Nan strolled along St. Charles Avenue, a lonely figure in the fog. She hadn’t planned to walk far, just a couple of blocks or so to clear her head. “Something isn’t right.” She spoke to nobody in particular, just to the passing traffic. She made one turn and then another and suddenly was on the edge of the warehouse district. She read a small plaque on an adjoining brick wall. “St. Zita’s Cathedral. Wow, I must have walked further than I thought.”
Nan McHough was a reporter for the New Orleans Herald Bagatelle, a competing newspaper in the old city. However, the Bagatelle tended to feature the more sensational side of the news. Her morning walk was the result of her discontentment of being the subject of interest in the homicide of a local street person.
The cold brick of the cathedral contrasted to the warm damp air around her. She made her way to the front entrance and pulled on the door. To her surprise it swung open. She had been to St. Zitas many times before, but never on a foggy September morning.
The musty smell of the old church tickled her nose as she stepped into the vestibule. As her eyes focused in the darkness she could see others moving about in the sanctuary. She was not Catholic but slipped into a pew near the back of the room.
The statue of St. Zita was surrounded by candles as were a number of other places in the sanctuary.
Nan felt a kneeling rail next to her shins. Seconds later she collapsed to her knees and began praying softly. Her long brown hair draped over the pew in front of her and her forehead touched her folded hands.
“Lord, is heaven waiting for me? Why am I here? Am I such a sinner that I can go no longer in this life? Why don’t You just take me away right now? Tale me before I harm someone or before I fall so far from grace that You will never want me in Your presence. Forgive me Lord, my sins I know mount like snow in the mountains. I am not worthy to even be in this Holy place, but You already know that.” A tear ran down her cheek, but she caught it with her index finger. Another tear followed.
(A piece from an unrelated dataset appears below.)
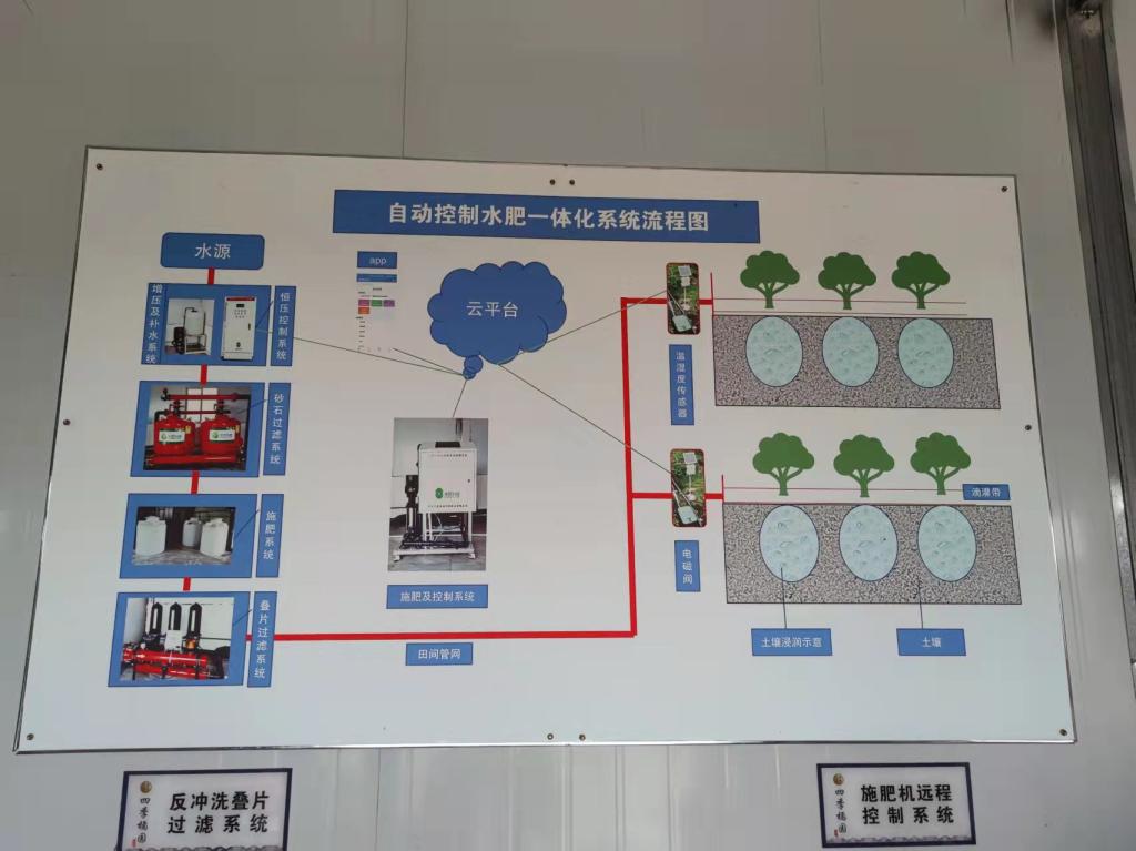 调研完蔬菜基地,天气也逐渐炎热起来。在两位老师的陪同下,实践队紧接着赶往下一个园区——精品果园试验园。果园负责人介绍了正在进行的智慧农业建设方案——璧山区七塘果园智慧化应用。该项目希望通过智慧化应用,为“璧山区城市生活网众享商城”的果蔬生鲜提供优质水果,让璧山人民吃上本土、健康、放心的水果。项目包含四个内容:建立农业生态旅游系统,实现农业、科技和旅游的共生,打造品牌效益,提高经济效益;以物联网等技术为基础,建立现代化的农业生产管理模式和示范基地;建立农业农产品检测及溯源系统,塑造和维护品牌,保护消费者权益;建立水肥一体化灌溉系统,实现生长环境调节的高效化、智能化。果园负责老师用手机着重介绍了物联网技术在水果产业中生产到销售环节的应用,即生产者需要将产品生产到销售的全过程视频上传到客户端,用户通过手机扫码即可了解产品从生产到销售的全过程。继而跟随园区负责人的脚步,观看了水果采摘自动运输设备,进入水肥一体化操作室,观摩运作的整个流程、了解了系统运行的原理。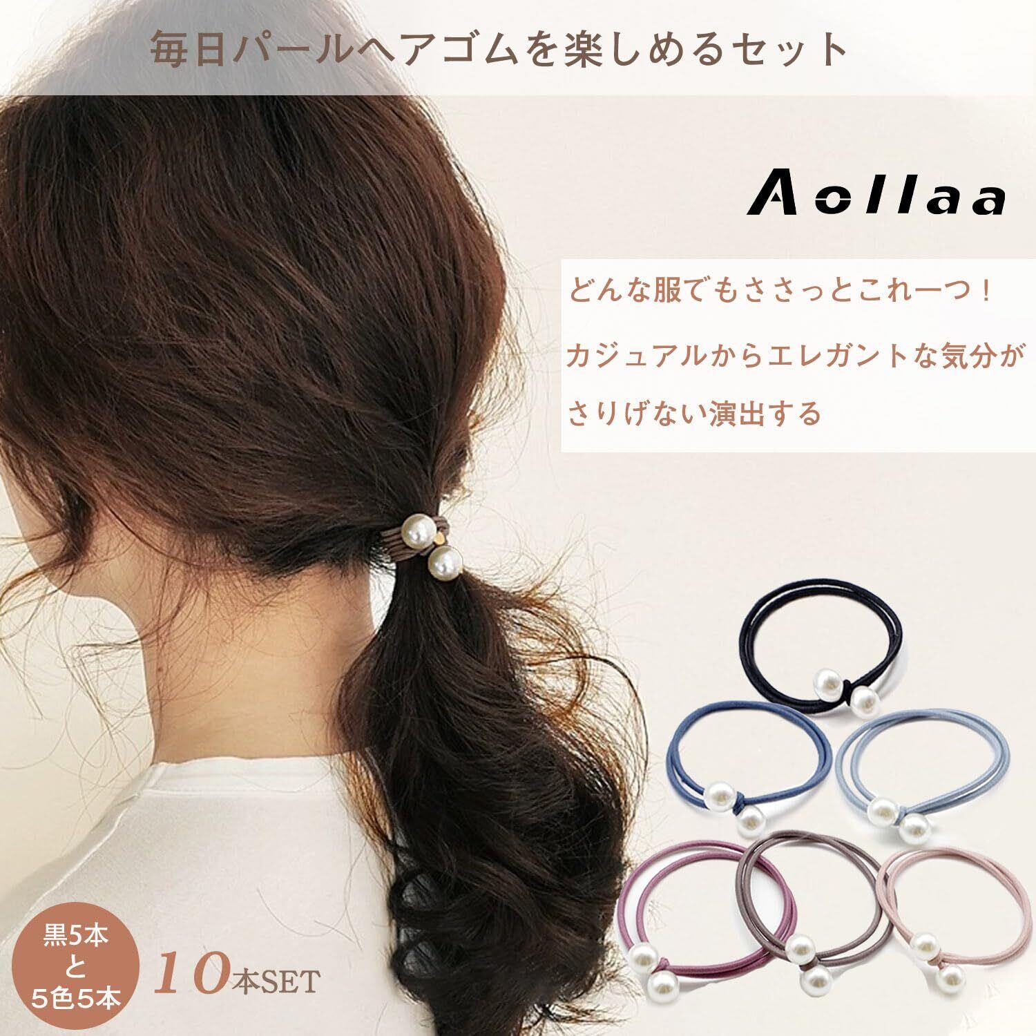[アオラー]Aollaaヘアゴム 髪ゴム【2粒パールと2重ゴム10本入】高弾性 人気韓国風 おしゃれ大人ヘアアクセサリー くすみカラー 髪馴染み良い ヘアリングゴム 髪留め レディース ヘアアレンジ ホワイトデー プレゼント(ブラウン糸10点) | グランメゾンショップ

She glanced around the sanctuary, the ghost like movement of a handful of people around the altar distracted her for a split second. She bit her lip, but emotion suddenly overcame her.
“Precious Jesus, what am I to do?” Tears gushed from her eyes and she felt her body heave.
“Ma’am, are you okay?” A young male voice over her shoulder startled her.
Nan jerked her head around. The pale face of a young priest was crouching at her side. “Uh, oh, like, uh, I was just praying.” She paused for a second. “And, feeling sorry for myself.”
“Oh, I’m sorry I disturbed you.” The young man straightened from his crouched position. “But, if you would like to talk.” He smoothed his gown. “I’m Father Bossest.”
“Oh, I’m not Catholic. I’m sorry I barged into your church.” Nan started to get up.
“No, please, you are welcome here to pray. This is God’s sanctuary, and last I heard, he didn’t give out name cards at the door.”
Nan felt the heat of embarrassment flood her face. “Thank you, but I really should be going.”
“You’re welcome here anytime.” The young priest stepped aside so Nan could exit.
When she stood she noted that she was considerably taller than the priest. “I can find my way out.”
He leaned on a pew back. “Interesting way to put it. From what I heard you are having a difficult time finding your way out of something.”
“Oh, you heard.”
He chuckled. “Only the last part and the sobs. But, child, the Lord heard every word, and believe me, no matter what, when the world sets against you, He is on your side.”
Nan extended her hand to the priest. “Thank you father.”
He took her hand. “Drop in anytime and we can talk over coffee. But, do understand, anytime a prayer from the soul is issued, the Lord hears it – here at Zita’s or anywhere. God be with you.”
Nan released the priest’s hand. “And with you also.” She pushed through the cathedral door and onto the street. The fog had lifted somewhat.